In my last post I referenced a recent interview with Bart Ehrman. I then asked readers to consider following questions:
- Is there really no place for the Ehrmans of the world within the church?
- Is it inherently impossible to be both an agnostic and a Christian?
I think these are two very important questions because of two opinions I hold:
- I suspect that most American Christians, if not Christians around the world, are functional agnostics.
- I suspect that most people who take the time to truly study the history of the formation of the organized Christianity will conclude that organized Christianity has taken a path that bears little resemblance to the compelling story of the poor Jewish carpenter described in the Gospels.
You may want to argue with my opinions, but let me unpack my thoughts a bit more before you write me off….
Consider one indisputable “fact” from the world of neuroscience: Human perception is inherently untrustworthy. Those who’ve heard me speak on this subject have heard me quote the respected etymologist/philosopher E.O. Wilson:
The brain is a machine designed not for understanding, but for survival. Consilience (1998), p. 96
Research on the human brain has more than adequately demonstrated that this amazing organ is capable of absolutely convincing human-beings that false is true. I think E.O. Wilson, along with about 4 billion neuroscientists (give or take a billion) would agree with this statement:
If your brain believes you must perceive the presence of a loving God in order to get you up in the morning, then your brain is more than capable of creating that illusion.
Now, to me, this conclusion is as obvious as gravity or the inherent superiority of Texas over Oklahoma. What puzzles me is how troubled Christians are by this statement. I should be more specific. I understand why Christians who have never been offered a thoughtful study of how science and faith can enrich each other would be agitated by this assertion. What puzzles me most is how vexing this statement is for very well-informed and scientifically astute Christians.
It seems that Christians think I’m saying something like, “Because the brain is capable of creating the illusion of God, there must not be a God.” Nothing could be farther from my position.
Consider this dilemma. Christianity is built upon thousands of years of Jewish and Christian perceptions. All of scripture is ultimately the story of experiences that individuals and groups perceived as the work of God. Science has demonstrated that human perception is faulty, and so there is no possible way to “prove” that any perception provides evidence for Truth.
One way of summarizing the message of Jesus would be this:
There is a loving God who is redeeming a very broken creation. I’m telling you and showing you that God’s method of redemption is sacrificial love. If you want to live a meaningful life in God’s Kingdom, then you will follow me by committing yourself to overcoming your inherent selfishness and living a life of sacrificial love.
It’s simply not possible to “prove” that this is true, which is why we Christians say a person must make this commitment “in faith.”
Now, tell me if my thinking is muddled at this point, but follow this logic:
- An agnostic someone who is simply saying, “I don’t know” when it comes to the existence of God.
- Christianity is built upon a story that cannot possibly be “proven” to be true.
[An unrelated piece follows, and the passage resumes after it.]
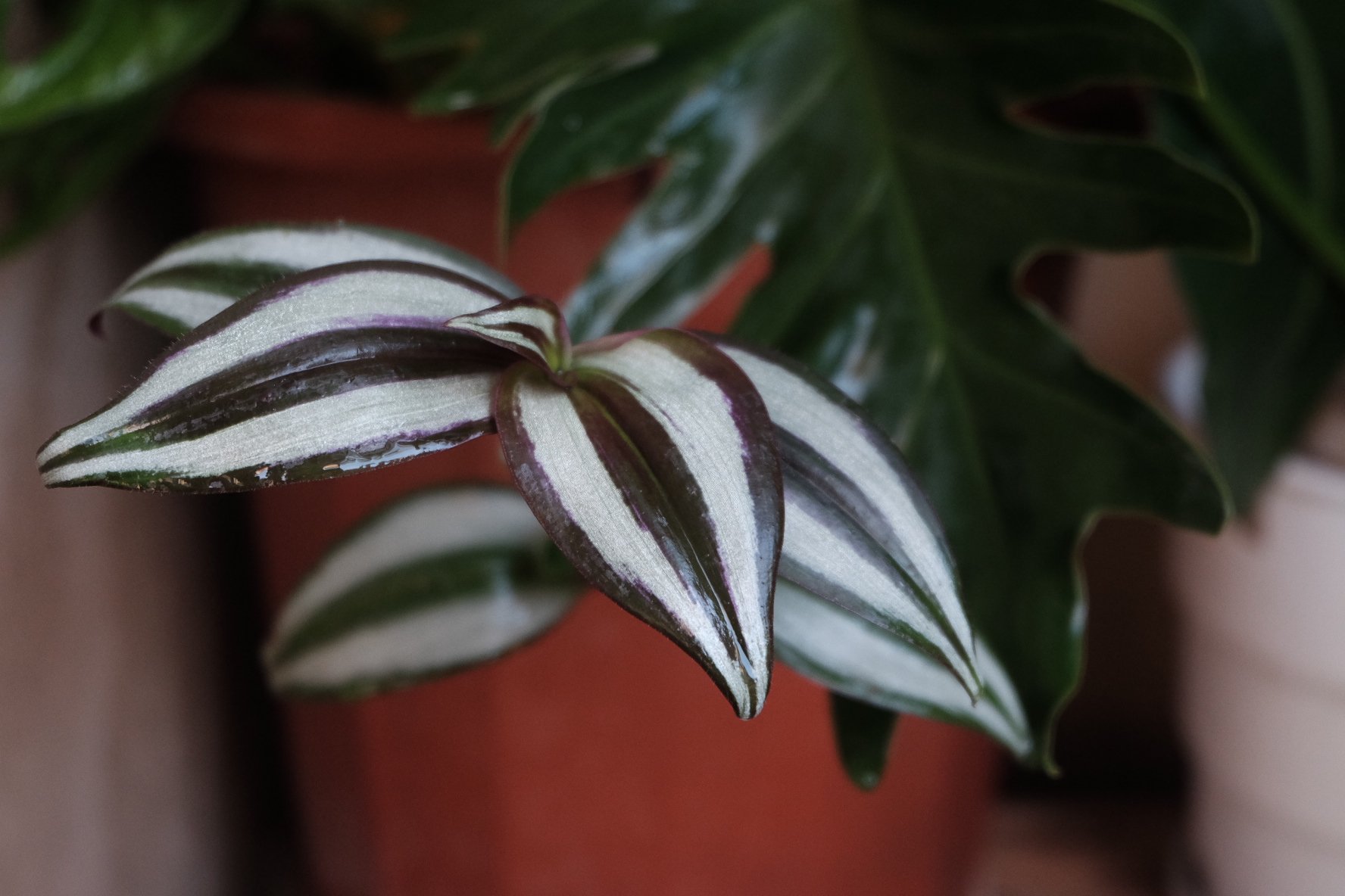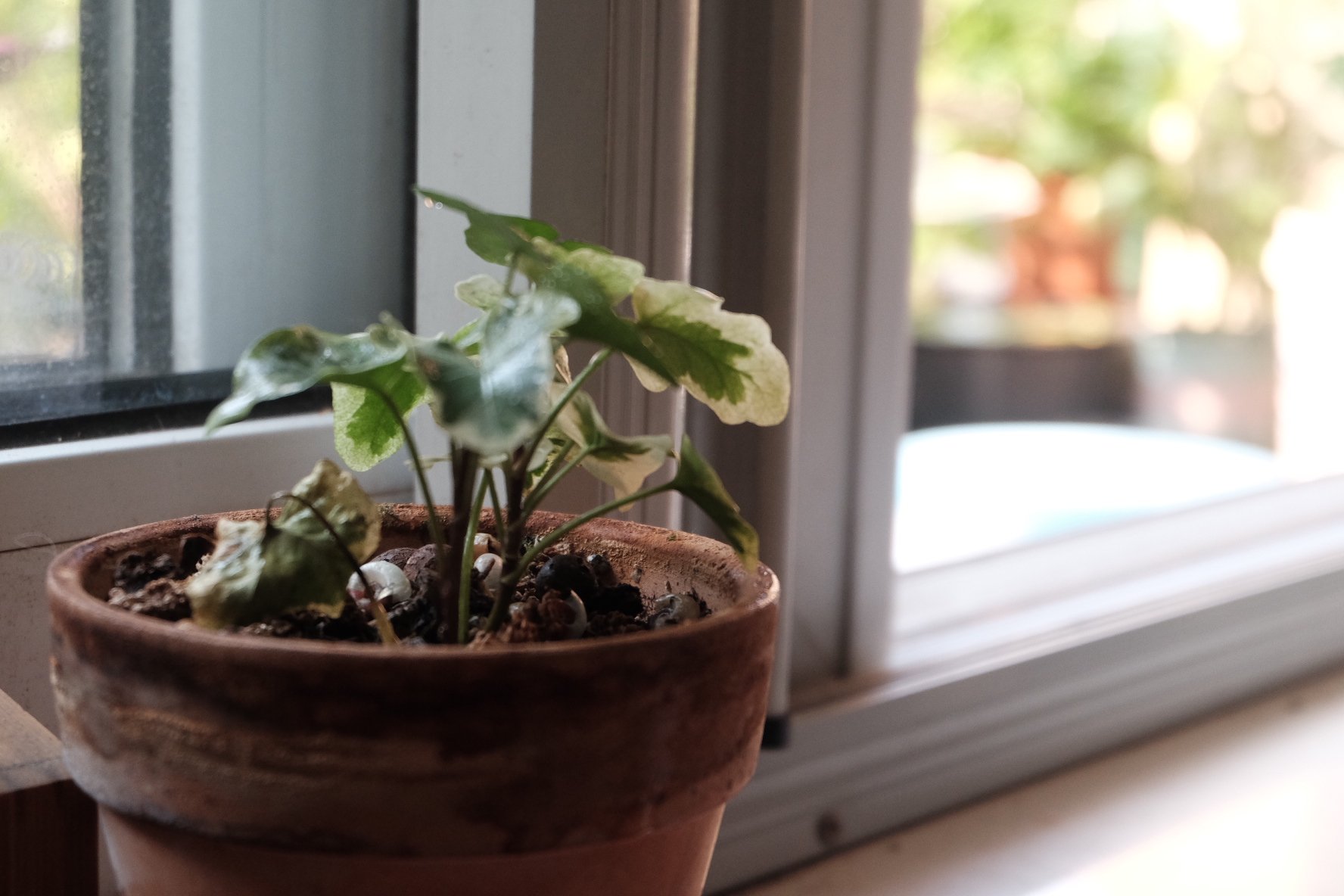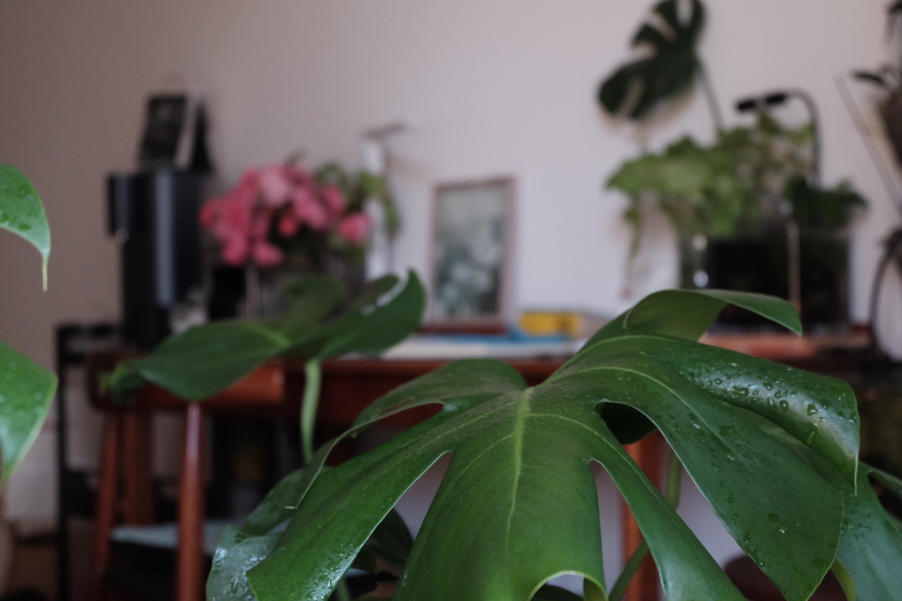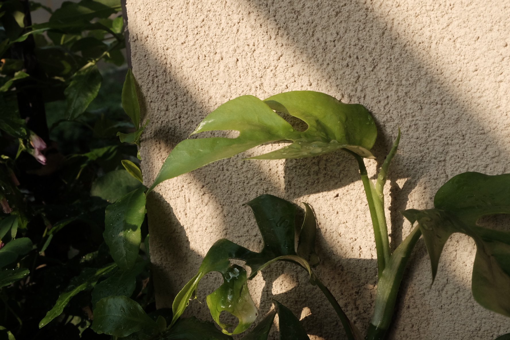 姬龟背,也叫“飞来凤”。可能是地域气候的问题,我看广州的朋友养出来,每片叶子间隔都好长,有一种疏离飘逸之美,我这株略显“矮壮”。而且因为我搬得比较频繁,随之而来的叶片受损问题也比较严重,其实还是没能养出它的状态来。这个能照到点太阳、又有点其他植物荫头的位置算是比较适合它的,既有一点围墙可以依倚,又不至于被烈日炽烤。

- Therefore, Christians, by definition, must also be agnostics.
On this important weekend in the life of our Church, I’m especially interested in hearing from my minister-friends on this. As much as I’m guilty of just tipping sacred cows to listen to them moo, I actually think this line of thinking is crucial for the Church. I’ve sat in my office with hundreds of people who have dropped out of organized religion because they “perceived” that there’s no place for someone who declares, “I don’t know if any of it is ‘true,’ but I’m seeking to follow anyway.”
So, I suppose I would frame the question like this:
What are you afraid would happen to Christianity if preachers declared, “Of course you don’t have to believe the story is true. It’s more than enough to live as if it is true.”